James Webb Telescope Exceeded Moon’s Orbit

Location tracking data shown James Webb Telescope .’s alienNASA agency It crossed the Moon’s orbit after the second of three required course corrections, and was at a distance of more than 471,000 km from Earth – the average distance from Earth to the Moon is about 384,000 km.

Overall, the James Webb Telescope will over a period of one month perform three course corrections, the first of which began 12.5 hours after launch as its engines lasted 65 minutes; The second, 60 hours after takeoff, ran his engines for a much shorter duration, took 9 minutes and 27 seconds, and is now complete.
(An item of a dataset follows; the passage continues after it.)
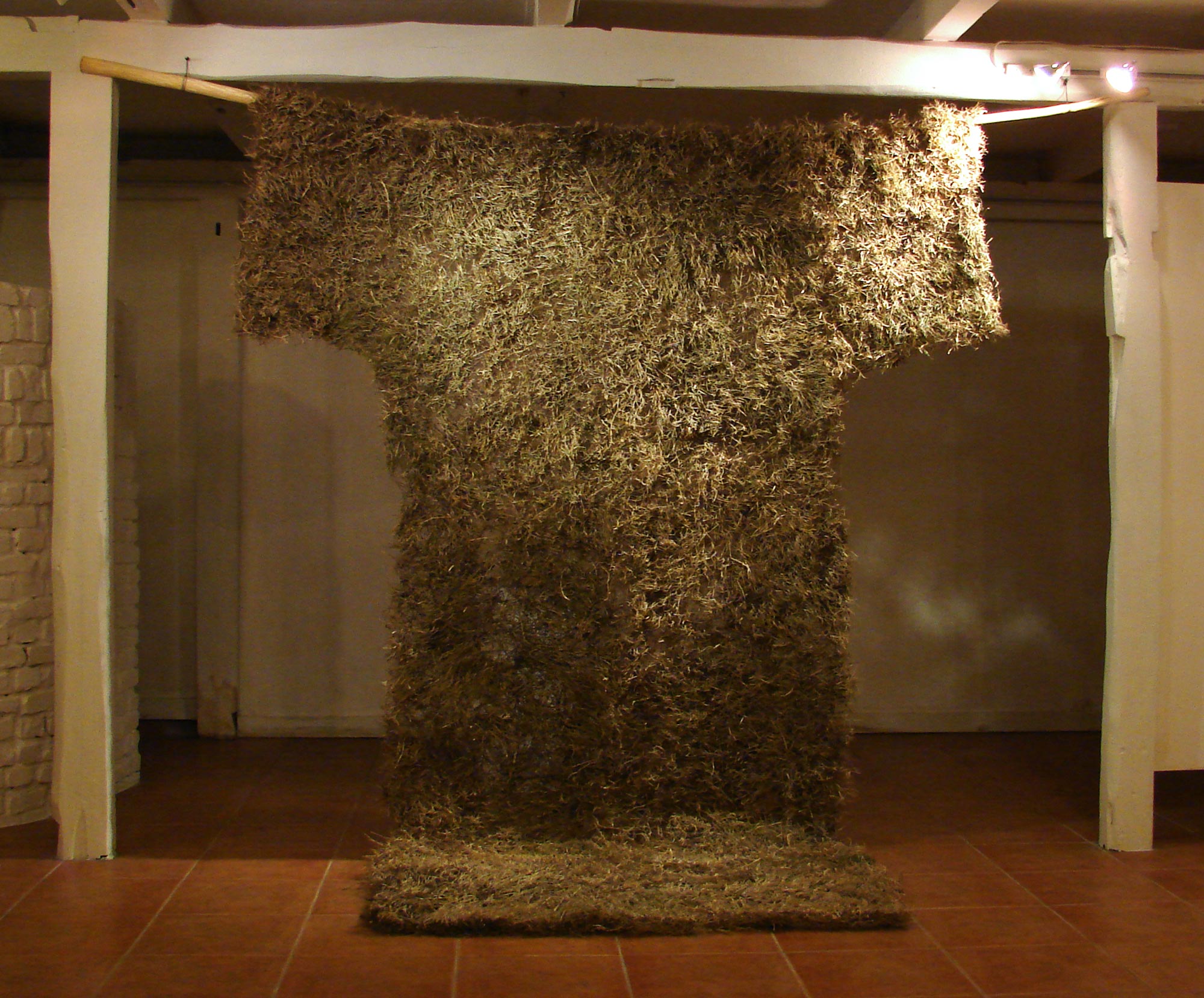 Un manteau d’herbe réalisé au cours de la résidence à Wongol, et exposé à la galerie Ko en fin de résidence, en même temps que la vidéo « Walk & sit ». Le dégagement des chemins de l’installation a permis de récupérer et assembler les couches superficielles d’herbe pour en faire cette tunique, « le manteau de la terre ».
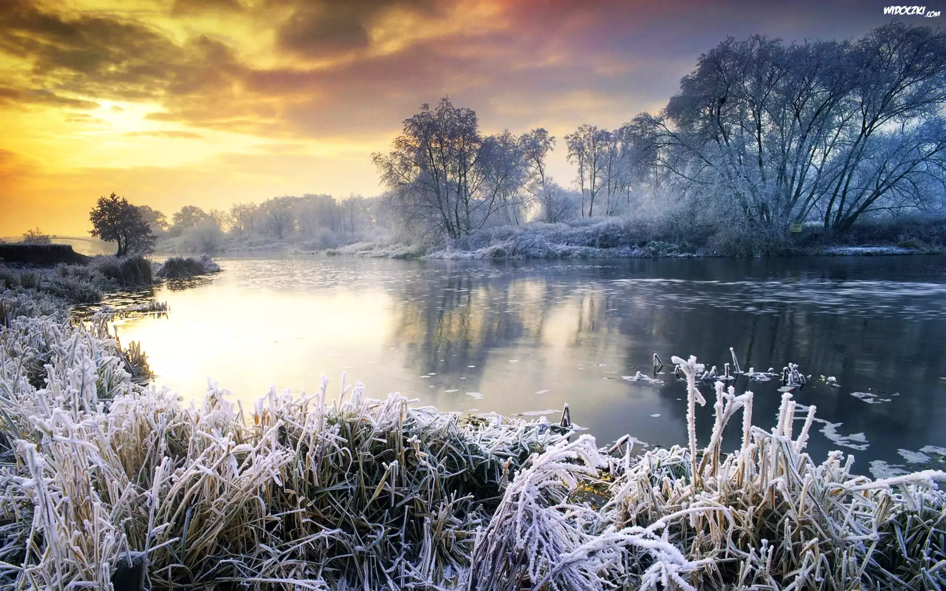 Zdjęcia, Zima, Zachód, Słońca, Jezioro

James Webb will perform a third and final course correction about 29 days after launch, in order to enter (halo orbit) around Langrange Point 2, a location about 1.5 million kilometers from Earth on the opposite side of the Sun.

The remote location will help the James Webb Telescope to accurately detect infrared light with minimal interference from the Sun.

Currently all eyes are on the telescope’s solar shield, which the telescope must begin to open and separate its five ultra-thin layers. This solar shield is integral to the mission objective of observing infrared light.

Deployment of the solar shield is expected to begin, three days after launch, although each phase of deployment is controlled by the control center on Earth.

First, James Webb must deploy the pallet and tower of the sun shield, then release the cover and covers of the sun shield, and this sequence of events is estimated to take about two days. After that, the arms of the sunshield will be deployed and by eight days after launch, the mission team hopes to have the sunshield fully deployed.